All these complex contradictions, like Sehgal’s text at the ICA, reveal the nature of his debt to Koons, which has to do with Koons’s refutation of the binary categories of oppositional and complicit. (He is “beyond critique.”) Sehgal’s choices not only to sell his situations but also to show his work in this grand villa reveal his deliberate embrace of such provocative complicity. His work is increasingly being accommodated within museums and collections of modern and contemporary art—an assimilation that is possible, in part, because of some elasticity in institutional thinking after Conceptual art. But the context of the Villa Reale unmasks the latent yet deep incongruity between Sehgal’s work and institutional systems, by baldly revealing the values of modern and contemporary art collections, even those “dressed” as white cubes: They are caches of valuable, aesthetic, authored things, essentially of a piece with the royal and aristocratic collections of earlier eras.

Encountering Sehgal’s work—his sculpting of passing exchange between individuals—within this historical context forces us (we who work in museums or collect art or otherwise “invest” in it) to think about what will be left in two hundred years. What will we have to show to later generations of visitors? Will it be worth anything? But quite clearly, these are the wrong questions—questions that deviate from the work’s own path. It is not merely the future of Sehgal’s individual pieces, and concerns over whether they will deteriorate because of his prohibitions of ordinary modes of documentation, to which his work brings attention. His proposition for a nonmaterial aesthetic economy has more radical implications: It challenges the future of the museum as we know it. While Koons fitted exquisitely into the grandeur of Versailles, his work—so utterly at home in its position as the visual culmination of the Rococo’s opulent lineage—seeming to confirm that known future, Sehgal’s relation to the Villa Reale could be likened to a kind of camouflaged infiltration. One might even call it virulent, at least in its potential to corrode the tenets of institutional practice.

Sehgal’s apparent complicity with market and institution belies an insistent resistance to the larger, unspoken dynamic that underlies both: that of the artwork as not just a thing of cultural significance but an accumulator of value. His economy brings things back to a microscale, where he—the author-producer—has control. It is intrinsically invested not in an object or in the substances, structures, computer systems, files, or any of the other components of the institution, but in the realm of directly encountered relationships: that wavering, unstable field that the museum is presumed to transcend.
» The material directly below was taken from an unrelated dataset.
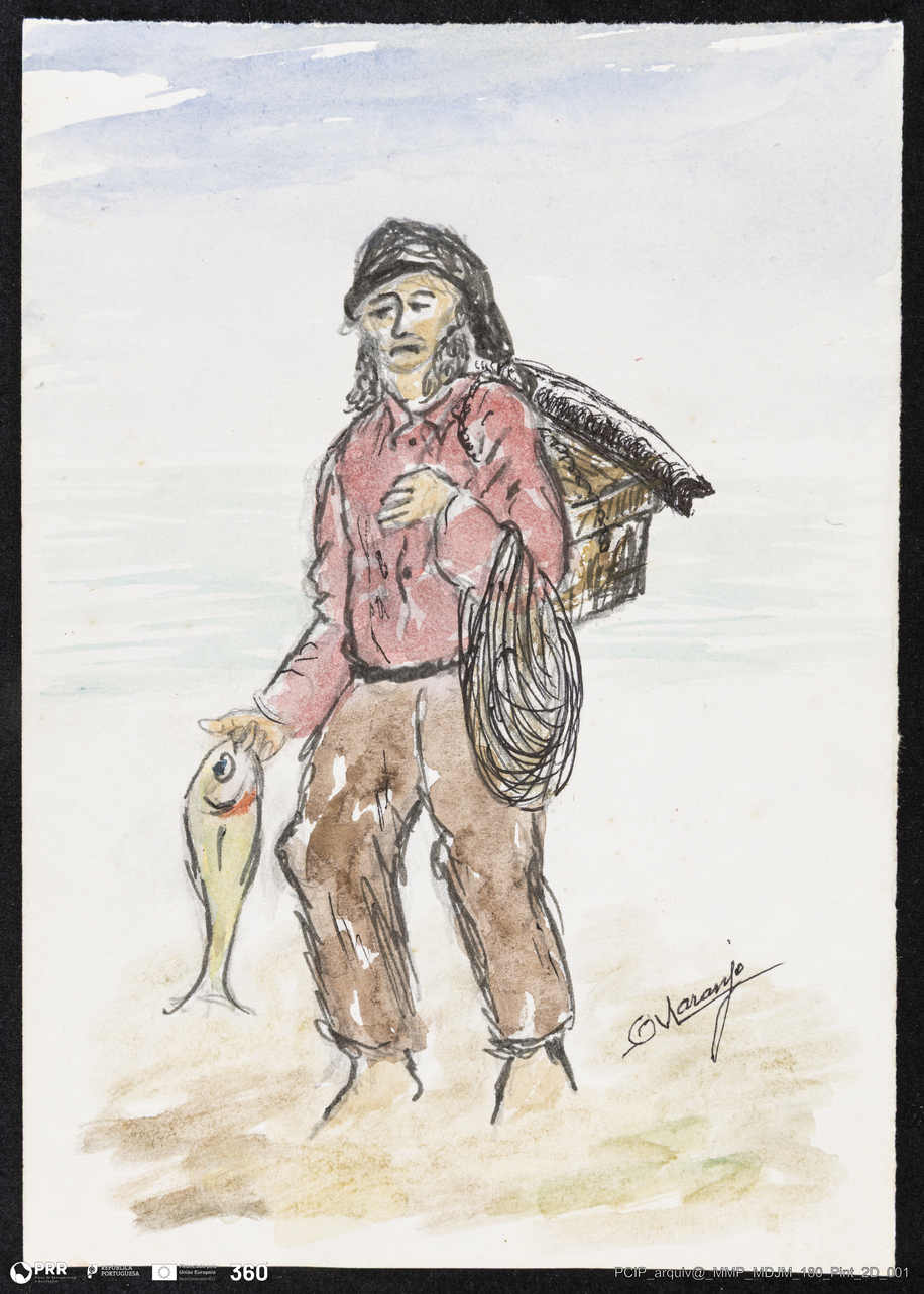 Matéria/Técnica: Aguarela e lápis sobre papel; Cronologia: Séc. XX; Autoria: António Vitorino Laranjo; Dimensões: Altura: 22 cm x Largura: 15 cm.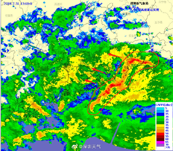 當(dāng)一條雨帶的長(zhǎng)軸和雨帶的移動(dòng)方向(箭頭)夾角很小時(shí),某個(gè)地方就會(huì)被這條雨帶幾乎從頭到尾地經(jīng)過,于是這個(gè)地方的累計(jì)雨量就會(huì)特別大。而現(xiàn)在深圳靠南的大部分區(qū)域就在經(jīng)歷一場(chǎng)列車效應(yīng),所以這場(chǎng)雨持續(xù)時(shí)間比較長(zhǎng),短時(shí)間內(nèi)停不下來。

If one leaves behind the anxiety about what will remain for posterity, it is unnerving yet thrilling to imagine a culture of choreographic and oral traditions that rely on continuous renewal. Sehgal, fundamentally, breaks with the lineage of material heritage, proposing a new, discursive form of contemplation located in the here and now that seeks alternative relations between labor, remuneration, and experience. It is a proposition that makes our insistence on the painstaking conservation of mortal objects look, suddenly, a little absurd.

Catherine Wood is curator of contemporary art and performance at Tate Modern, London.